Yuck! Watery and a bit bitter, not a great taste at all. Tried a 12g one and all was well again. I'm sticking with 12g from now on I think...


----------



## MWJB (Feb 28, 2012)

Morningfuel said:


> I tried 18g into 300g water today.
> 
> Yuck! Watery and a bit bitter, not a great taste at all. Tried a 12g one and all was well again. I'm sticking with 12g from now on I think...


At the same ratio, dose & brew water shouldn't make that much difference until you get to really big brews.

As your brew gets bigger, at the same ratio & regime, it will take a little longer & need a coarser grind (sounds like your grind for 12g is too fine for whatever you are doing with 18g).

But if a 12g brew gives you a decent cup, then stick to that, as simply changing brew size without changing anything else will give you a different extraction. Also easier to memorise & troubleshoot if you are making the same size brews all the time...plus I use the same size cups all the time, so don't vary brew size much.

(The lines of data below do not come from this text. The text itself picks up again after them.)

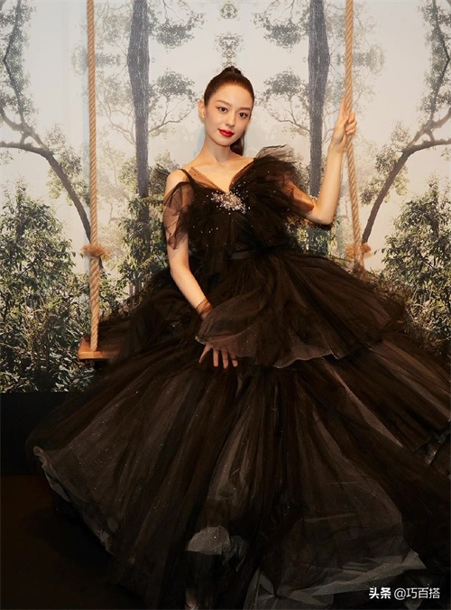 层层叠叠的裙摆上点缀了亮片设计,仿佛天空上的星星,一闪一闪得十分耀眼,在媒体的镁光灯下更是熠熠生辉。轻盈的面料与层叠剪裁更是相得益彰,既有仙女气质的飘飘然,又有戴安娜王妃般的优雅范儿。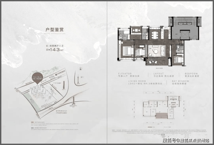 主卧室270°转角飘窗,景观视野开敞舒适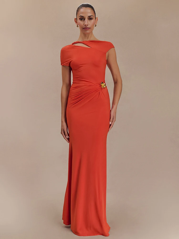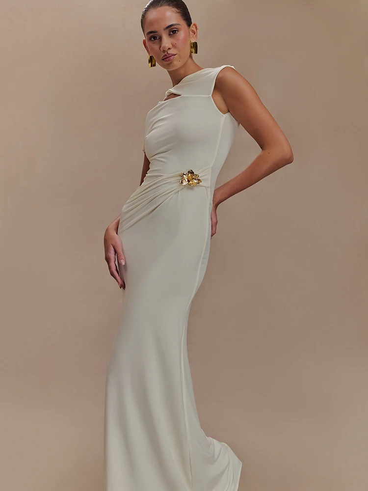 Luxurious Elegance Awaits: The Hollow Out Gold Clasp Maxi Dress
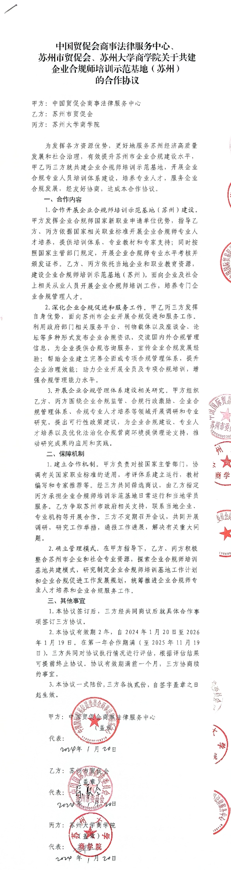 三方签约共建企业合规师培训示范基地。苏州基地为2024年第一家签约挂牌的基地,致力于推进企业合规专业人员培训体系建设,服务企业合规发展。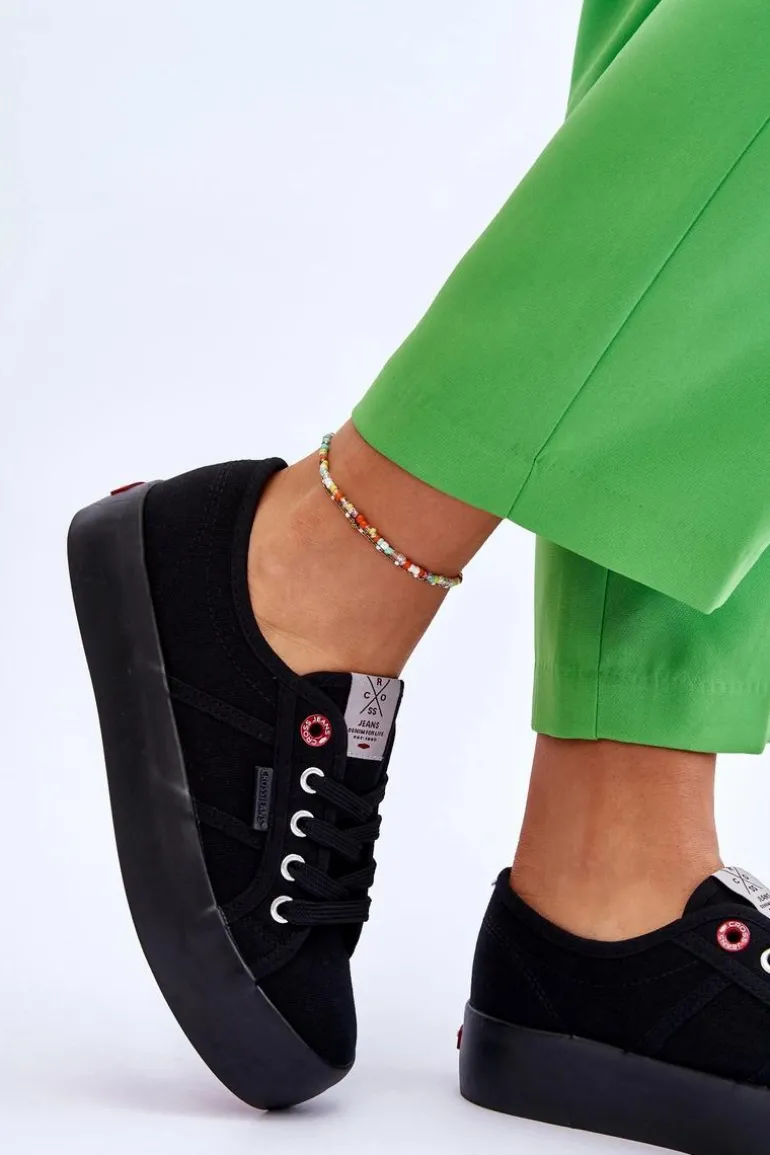 Damskie tenisówki na platformie CROSS JEANS. Buty dobrze dopasowują się do kształtu stopy, posiadają miękką, materiałową wkładkę oraz antypoślizgową podeszwę wykonaną z gumowego tworzywa. Dodatkowo trampki te posiadają usztywniany zapiętek. Koniecznie sprawdź całą naszą kolekcję butów marki CROSS JEANS! Przy wyborze rozmiaru prosimy sugerować się tabelą rozmiarów.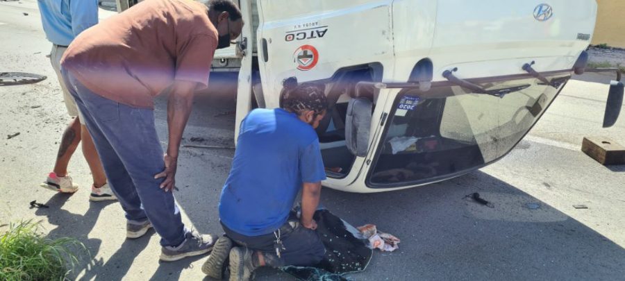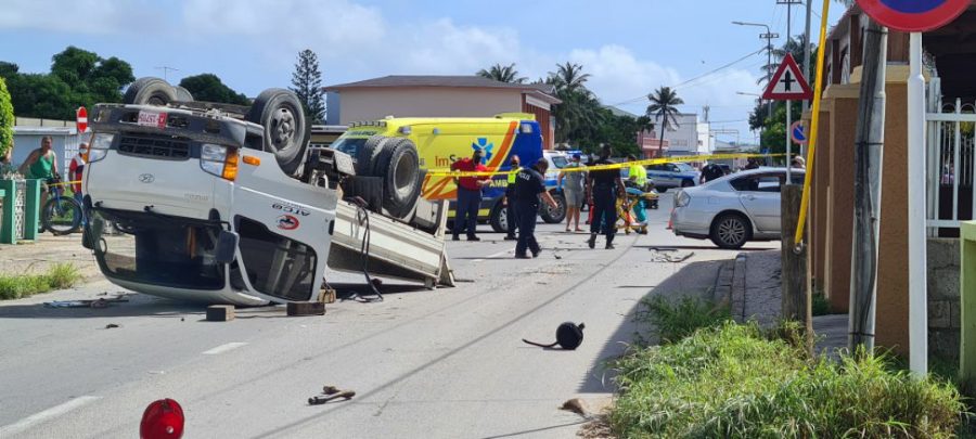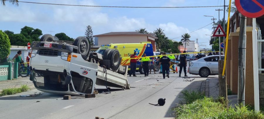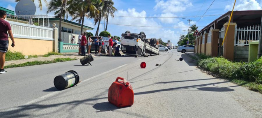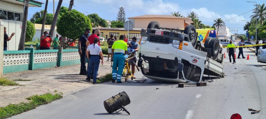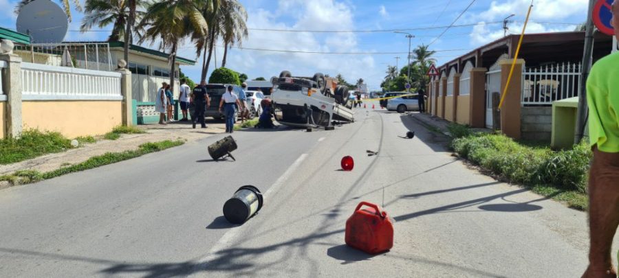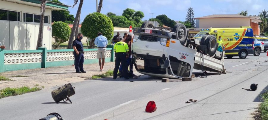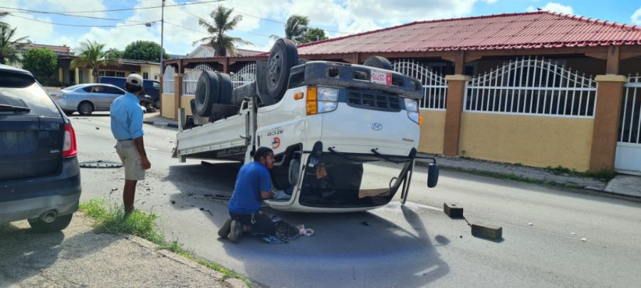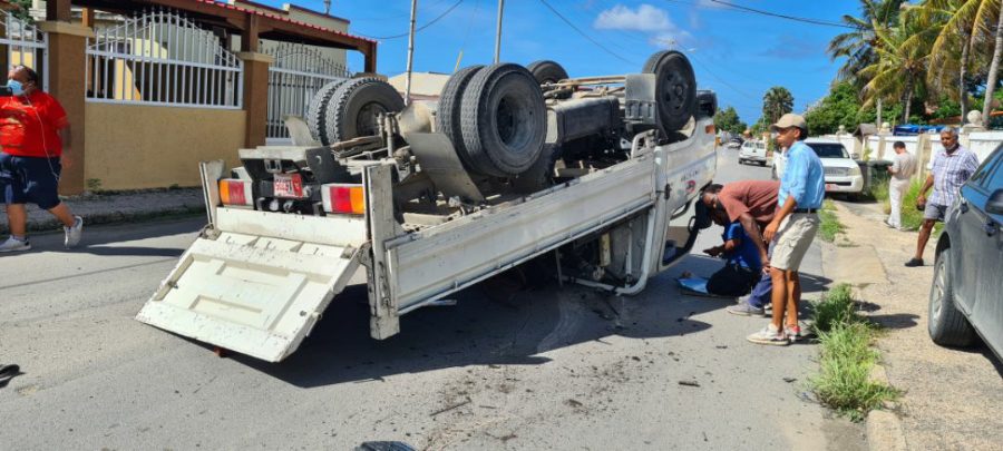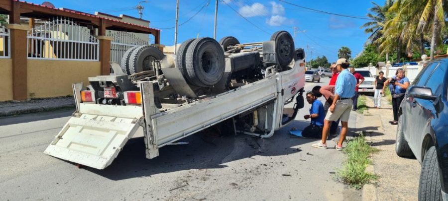 Mesora despues di e impacto chauffeur di e Nissan a baha y core bay cerca chauffeur di e truck pa chek si e ta ok.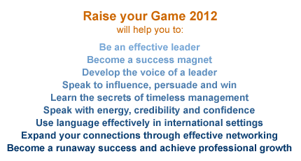 With eight keynote speakers and two special panel sessions, delegates attending Raise your Game 2012 will learn many great ideas and techniques to achieve greater success at work and in your daily life.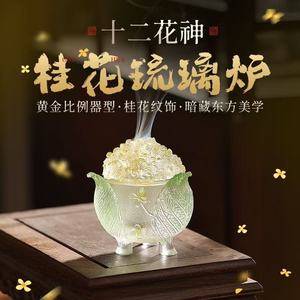 Xinyuantang ガラス十二花神ピンク蝶香炉キンモクセイ香炉香道無形文化遺産アロマテラピー炉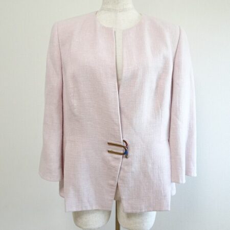 アクリスのジャケットを買取しました。聡明なデザイン、柔らかく優し気なピンクがとにかく可愛い1点です。ノーカラーデザインがより優しい印象に仕上げてくれます。七分袖でスッキリさもあります。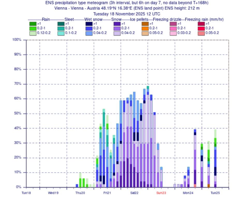 Am Dienstag rechnete das europäische EZMWF noch einen markanten Wintereinbruch von Fr-So im Osten/Südosten von Österreich. Davon ist heute im Hauptlauf nichts mehr übrig. Das amerikanische GFS rechnet seit Tagen am wenigsten und das deutsche Globalmodell ICON hat zumindest am Samstag ein Winterintermezzo im Wiener Becken im Programm. Auch nächste Woche rechnen alle Wettermodelle eine Fortsetzung der Troglage. Relativ sicher ist aber der Südstau und (viel) Neuschnee für die Südalpen, sowie die Beständigkeit der bodennahen Kaltluft im Alpenraum – das heißt, eine winterliche zweite Novemberhälfte zeichnet sich ab. Daran würde auch eine neuerliche Südwestströmung im Anschluss wenig ändern (Inversionslage). Zeit, die Ski zu wachsen und die Schneeschuhe aus dem Keller zu holen.
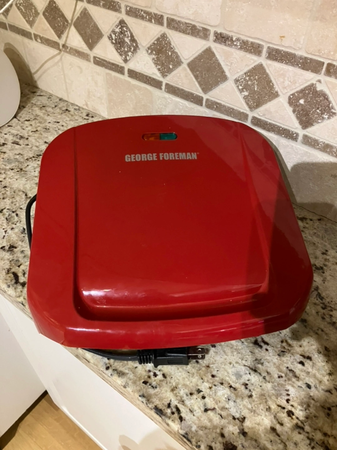 Compact and portable, size is approximately 12x12 inches. Water bottle as scale reference. Nonstick surface with a plastic drip tray for easy cleaning. Used once, in good condition. Same model is $100 on Amazon. Pickup only at 212 Eglinton Ave E.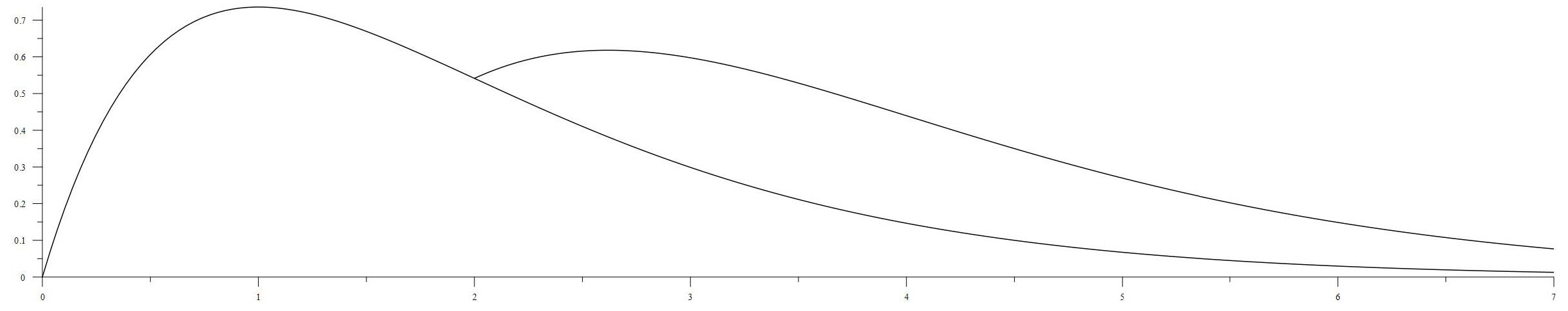 На рисунке 9 показаны кривые и Видно, что они совпадают на промежутках и Границы промежутков указаны не точно.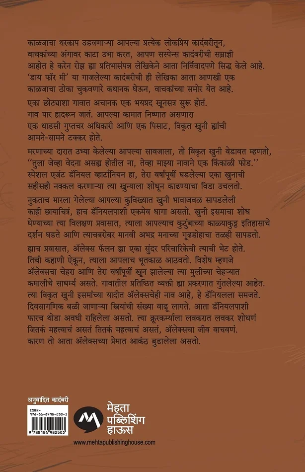 FOR HER EXCITING DEBUT IN HARDCOVER, NEW YORK TIMES BESTSELLING AUTHOR KAREN ROSE DELIVERS A HEART-STOPPING SUSPENSE NOVEL THAT PICKS UP WHERE DIE FOR ME LEFT OFF, WITH A DETECTIVE DETERMINED TO TRACK DOWN A BRUTAL MURDERER. SPECIAL AGENT DANIEL VARTANIAN HAS SWORN TO FIND THE PERPETRATOR OF MULTIPLE KILLINGS THAT MIMIC A 13-YEAR-OLD MURDER LINKED TO A COLLECTION OF PHOTOGRAPHS THAT BELONGED TO HIS BROTHER, SIMON, THE RUTHLESS SERIAL KILLER WHO MET HIS DEMISE IN DIE FOR ME. DANIEL IS CERTAIN THAT SOMEONE EVEN MORE DEPRAVED THAN HIS BROTHER COMMITTED THESE CRIMES, AND HE`S DETERMINED TO BRING THE CURRENT MURDERER TO JUSTICE AND SOLVE THE MYSTERIOUS CRIME FROM YEARS AGO. WITH ONLY A HANDFUL OF IMAGES AS A LEAD, DANIEL`S SEARCH WILL LEAD HIM BACK THROUGH THE DARK PAST OF HIS OWN FAMILY, AND INTO THE REALM OF A MIND MORE SINISTER THAN HE COULD EVER IMAGINE. BUT HIS QUEST WILL ALSO DRAW HIM TO ALEX FALLON, A BEAUTIFUL NURSE WHOSE TROUBLED PAST REFLECTS HIS OWN. AS DANIEL BECOMES ATTACHED TO ALEX, HE DISCOVERS THAT SHE IS ALSO THE OBJECT OF THE OBSESSED MURDERER. SOON, HE WILL NOT ONLY BE RACING TO DISCOVER THE IDENTITY OF THIS MACABRE CRIMINAL, BUT ALSO TO SAVE THE LIFE OF THE WOMAN HE HAS BEGUN TO LOVE….??????? ????? ????????? ?????? ???????? ???????? ??????????,?????????? ?????? ???? ??? ???, ??? ???????? ????????? ????????? ???? ?? ???? ??? ???? ????????????? ???????? ??? ???????????? ????? ???? ???. ‘??? ??? ??’ ?? ????????? ????????? ?? ?????? ??? ???? ?? ??????? ???? ???????? ????? ????, ?????????? ???? ??? ???. ??? ???????? ????? ????? ?? ?????? ??????? ???? ????. ??? ??? ?????? ????. ?????? ????? ??????? ?????? ?? ????? ??????? ??????? ??? ?? ?????, ????? ???? ??????? ????-????? ????? ????. ???????? ????? ????? ???????? ?????? ???????, ?? ????? ???? ?????? ??????, ”???? ?????? ????? ????? ????? ??, ?????? ?????? ?????? ?? ??????? ???.” ?????? ???? ?????? ???????????? ??, ???? ???????????? ???????? ??? ?????? ?????? ????? ???????? ???? ???????? ????? ????????? ???? ?????. ?????? ????? ???????? ?????? ????????? ???? ??????? ???????? ???? ??????????, ??? ?????????? ????? ???? ????. ???? ?????? ??? ?????????? ???? ??????? ????????, ?????? ??????? ??????????? ??????????? ????????? ????? ???? ??? ?????????? ????? ????? ???

You could set the grind at the coarsest end for 12g (bloom 15g for 30sec, then 25g every 15sec, aiming 2:45-2:50 total time, plus drips), then see if you can hit good brews at 18g:300g by using larger & less frequent pours, aiming 3:40-ish? But I think this might just overcomplicate things?


----------



## Elcee (Feb 16, 2017)

Morningfuel said:


> I tried 18g into 300g water today.
> 
> Yuck! Watery and a bit bitter, not a great taste at all. Tried a 12g one and all was well again. I'm sticking with 12g from now on I think...


Maybe try a finer grind? I brewed those beans using 21 grams to 350 ml and had very enjoyable cups


----------



## Stanic (Dec 12, 2015)

Sounds like overextraction to me,what is the temperature of the water?


----------



## MWJB (Feb 28, 2012)

Stanic said:


> Sounds like overextraction to me,what is the temperature of the water?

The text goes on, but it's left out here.